=== Data extract ===
---

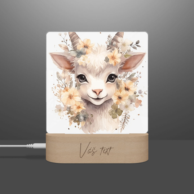 Součástí balení je akrylové sklo dle výběru, dřevěný RGB LED stojánek a napájecí USB kabel.
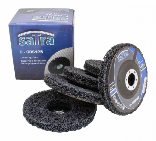 Dysk talerzowy posiada pierścień ścierny wykonany z twardej włókniny. Kompozycja nylonowych włókien ze ścierniwem zapobiega zapychaniu się narzędzi produktem ubocznym czyszczonych powierzchni jakim jest pył oraz umożliwia szlifowanie bez przegrzewania.
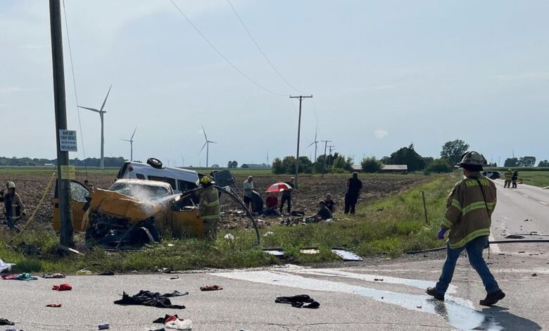Photographs and video footage from the scene showed both vehicles badly damaged, with debris scattered across the roadway and into nearby fields. The van, carrying families who just hours earlier were going about their day, was left crumpled beyond recognition. Firefighters, police officers, and emergency medical personnel described the crash as one of the worst the county has seen in years.
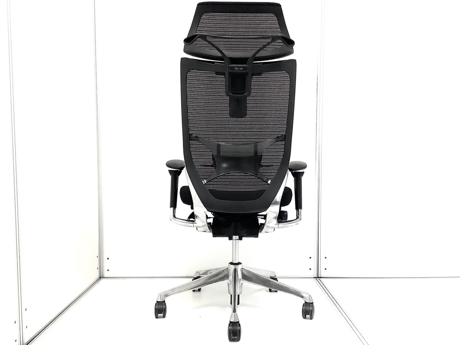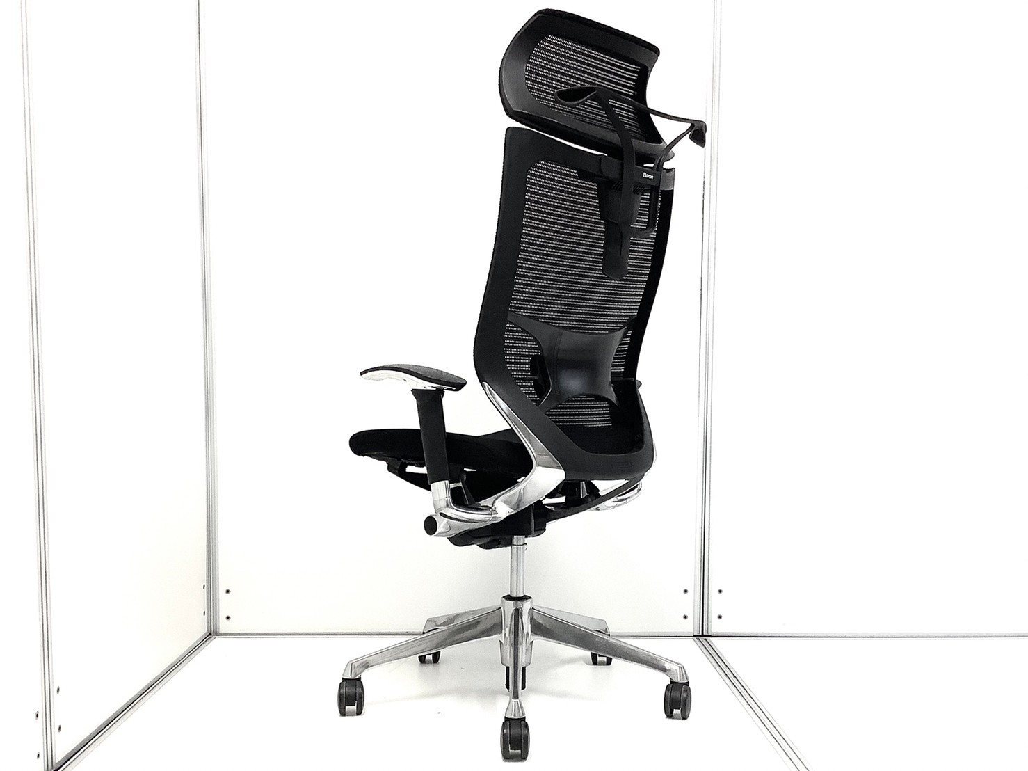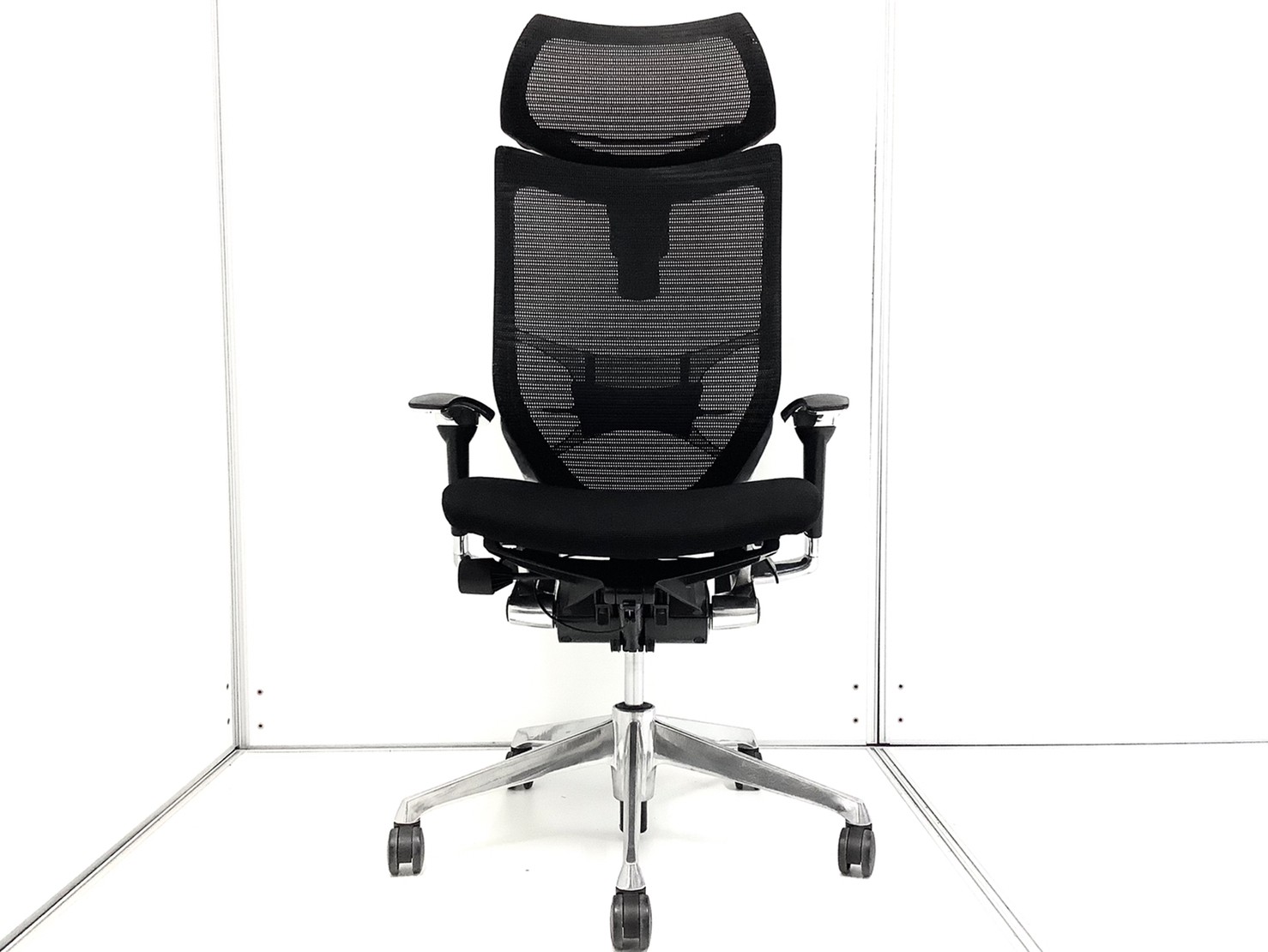 【オフィスの執務室、会議室におすすめ!】■オカムラ(okamura)製 バロン(Baron)チェア 肘付き ハイバック ■背・座面メッシュ ■可動肘 ■ヘッドレスト付き ■ブラック【硬めの座面が大人気!国産メッシュチェアの代表格!】

---

=== Instructions to follow ===
Strip out the pictures and repeat the listing above exactly.

=== Problem solution ===
 Součástí balení je akrylové sklo dle výběru, dřevěný RGB LED stojánek a napájecí USB kabel.
 Dysk talerzowy posiada pierścień ścierny wykonany z twardej włókniny. Kompozycja nylonowych włókien ze ścierniwem zapobiega zapychaniu się narzędzi produktem ubocznym czyszczonych powierzchni jakim jest pył oraz umożliwia szlifowanie bez przegrzewania.
Photographs and video footage from the scene showed both vehicles badly damaged, with debris scattered across the roadway and into nearby fields. The van, carrying families who just hours earlier were going about their day, was left crumpled beyond recognition. Firefighters, police officers, and emergency medical personnel described the crash as one of the worst the county has seen in years.
 【オフィスの執務室、会議室におすすめ!】■オカムラ(okamura)製 バロン(Baron)チェア 肘付き ハイバック ■背・座面メッシュ ■可動肘 ■ヘッドレスト付き ■ブラック【硬めの座面が大人気!国産メッシュチェアの代表格!】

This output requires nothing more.